Eso fue todo. Mi padre ya no dijo más, porque tampoco necesitó hacerlo. El orador extendió las manos como para protegerse de él, pues no quería que se le acercase. Dijo: «Espera, hazme el favor. Te pido que esperes».

«¡Te he visto en el bote neumático y no te movías!», advirtió mi padre en voz baja como disculpándose. Y Asmus contestó: «Te ruego que dejes de interrumpir constantemente la conferencia».

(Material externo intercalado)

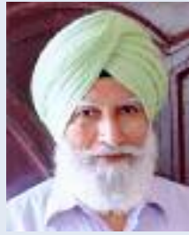
ਸਮਾਜ ਵੀਕਲੀ ਨਿਊਜ਼

ਆਮ ਬੰਦੇ ਦਾ ਜੀਣਾ ਦੁੱਭਰ , ਜਦ ਕਰਦੀਆਂ ਸਰਕਾਰਾਂ । ਹੜ੍ਹ ਵਾਂਗੂੰ ਆ ਜਾਣ ਬਾਜ਼ਾਰੀਂ , ਚੁੰਨੀਆਂ ਤੇ ਦਸਤਾਰਾਂ । ਫਿਰ ਇੱਕੋ ਹੱਲ ਰਹਿ ਜਾਂਦਾ ਏ, ਏਕੇ ਤੇ ਸੰਘਰਸ਼ਾਂ ਦਾ , ਪੁਲਿਸ ਫੌਜ ਤੋਂ ਕਦੋਂ ਰੁਕਦੀਆਂ, ਸਿਰਲੱਥਾਂ ਦੀਆਂ ਡਾਰਾਂ ।
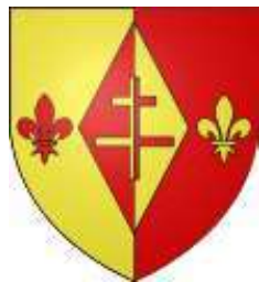
Gometz-La-Ville & Gometz-Le-Châtel (91) blasons des communes actuelles
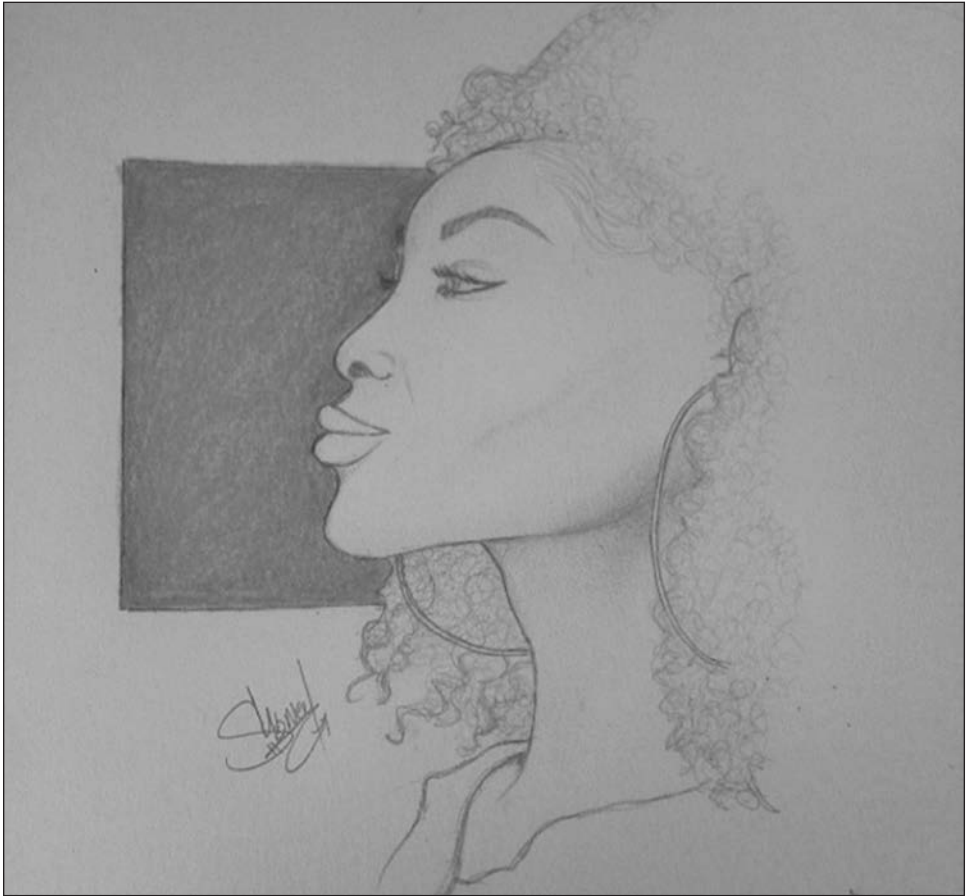
Figure 2: «Sketch», par Sydney A.

exemple, les femmes des tribus m'inspirent beaucoup», estime l'une d'entre elles 19 . Il s'agit de dessiner et de peindre des femmes fortes, fières, ayant confiance en elles où l'origine africaine et la dimension «afro» sont recherchées, revendiquées et assumées :
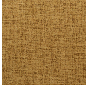
MURA SAVANE 185 Druck design
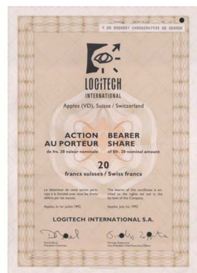
Les produits high-tech suisses ont conquis le monde – comme p.ex. la souris de Logitech.
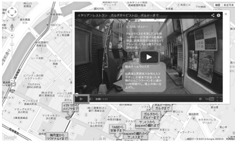
図2.3.1 提案システム動作画面

ブロードし、撮影した通りのGPS座標をもとにGoogleマップ上に動画をマッピングする。ストリートビューやおみせフォトとは異なり、映像コンテンツを用いて街並みを紹介することでまちぶら感覚で臨場感を保ちつつ店舗の情報を確認することができる。提案システム動作画面の一例を図2.3.1に示す。地図上のマーカーをクリックすると動画を表示する吹き出しが現れるようになっている。
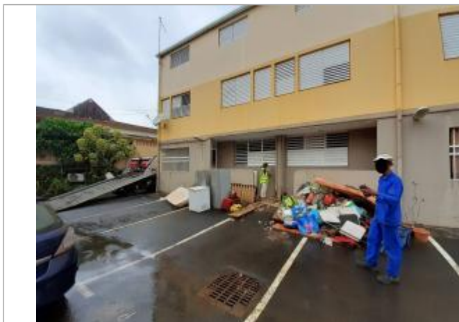
Façade extérieure du bâtiment

Coordonnées RGF93 (ETRS89) : X: -61.645189 / Y: 15.9757069

El policía del puesto de Rugbüll miró a su alrededor. Buscaba algo. ¿Tal vez una pantalla? ¿Es que quería proyectar en una pantalla clara esas imágenes que había revelado en la cámara oscura de su cabeza para poder demostrar la urgencia de lo que había experimentado? «Entonces no —murmuró—. Entonces sí que no». Tardaba mucho en comprender y en sopesar las cosas. Y era una suerte, porque eso le permitía soportar muchas cosas, sobre todo a sí mismo. Se encogió de hombros suspirando. Guardó el pañuelo en el que había concentrado y transformado en nudos toda su excitación. Miró sin sorprenderse a Hinnerk Timmsen, que, quizá por invitación de los otros, se acercó a él, lo agarró de la manga y le preguntó: «¿Nos vamos, Jens?».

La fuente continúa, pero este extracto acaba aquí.